惨めだった。でも、それが本音。ここ数日、空腹と孤独に耐えながら、どれだけ温かい布団と白いご飯を思っただろう。もう、誰からも疑われなくていい場所に行けるなら、それだけで──少し、楽になれるような気がする。
「そこがどういうところか、本当に理解されていますか?」
安室さんの声が、呆れにも似た響きを帯びた。けれど、私はすぐに答える。
「知ってます。行ったこと…ありますから…」
それを言った瞬間、目の前の空気がどよめいた。何を言っても疑われる。否定しても、説明しても、真実は届かないのだったら──もう、どうでもいい。
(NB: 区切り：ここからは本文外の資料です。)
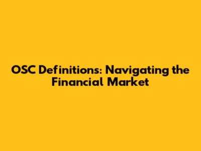 OSC Definitions: Navigating The Financial Market
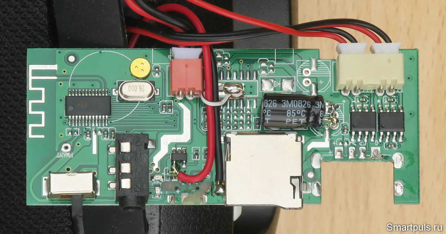 Слева расположена многоногая микросхема с логотипом то ли A3, то ли AB. Это - Bluetooth приёмник и дешифратор файлов с флешки и карты памяти.
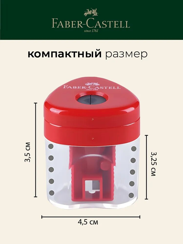 Отзывы на Точилка пластиковая со "шторкой" Faber-Castell "Grip Auto Mini" 1 отверстия, контейнер, ассорти, 1шт, пакет
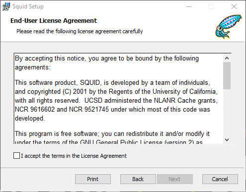 Дальше читаем и принимаем соглашение. Нажимаем Next. Выбираем директорию для установки Squid:
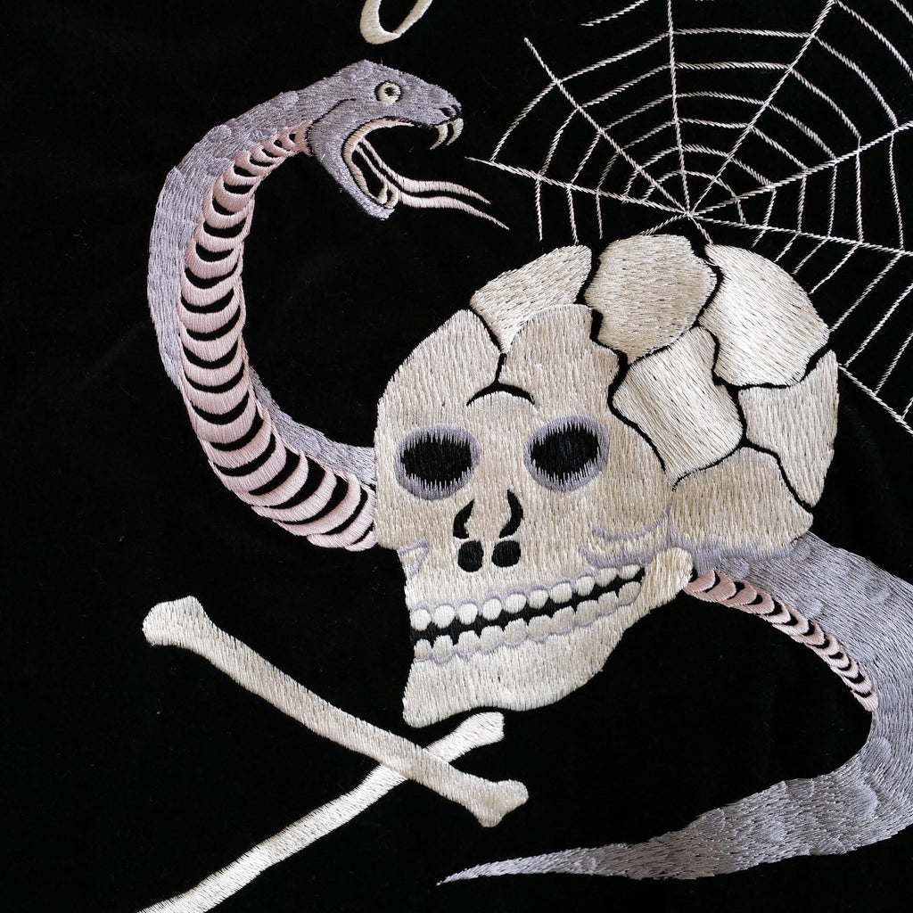 ヴィンテージスカジャンの中でも、群を抜いて希少価値の高い蛇髑髏柄を復刻したモデル

「警察に……引き渡してください。……ご迷惑をおかけしました。……すみません」
少しでもここから遠ざかれるなら、それでいいと思った。早く、去りたかった。こんな惨めな状況から、一刻も早く。
木目調の模様が、やけにくっきりと視界に浮かぶ。その沈黙の中、ふたりの気配がわずかに変化したのを、どこかで感じていた。
「でも……」
ぽつりと、声が漏れる。喉の奥に詰まった言葉を、そっと押し出すように続けた。
「警察が来る前に……おにぎりひとつでいいので……食べさせてください」
ふたりの視線が一斉にこちらに向くのを感じた。私は顔を上げず、ただ、唇を結んだまま懇願する。
「お腹が、空いてるんです……。お願いです……、それだけでいいので」
ここまできて、なお食べ物を乞うなんて──自分でも、あまりに情けないと思う。でも、それくらい限界だった。体が震えるほどに。
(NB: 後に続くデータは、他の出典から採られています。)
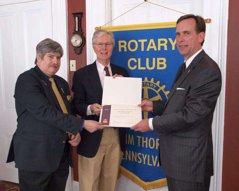 As Ted Silver - district governor of District 7410 of Rotary International looks on, Bill Allison - president of the Jim Thorpe Rotary Club receives a certificate from Gordon Bigelow - chairman of the local Rotary region. The Jim Thorpe Rotary Club raised $2,000 for Rotary International's Polio Plus program to eliminate polio worldwide.

何より、何も食べられないまま手錠をかけられるのが、あまりに惨めで、苦しくて。
私にはもう、何も守るものがない。プライドも、肩書きも、信頼も。だったら、せめて最後に、お腹だけでも満たされたいと思ってしまった。
「ふう……」
安室さんのため息が、ひとつ落ちる。
沈黙が、机の上を這う。呆れているのかもしれない。たかが空腹で、なにを言ってるんだと思われても仕方がないことを言ってる自覚はある。
「…ちょっと待っていてください」
しかし、想像とは違った返答に、顔を上げた。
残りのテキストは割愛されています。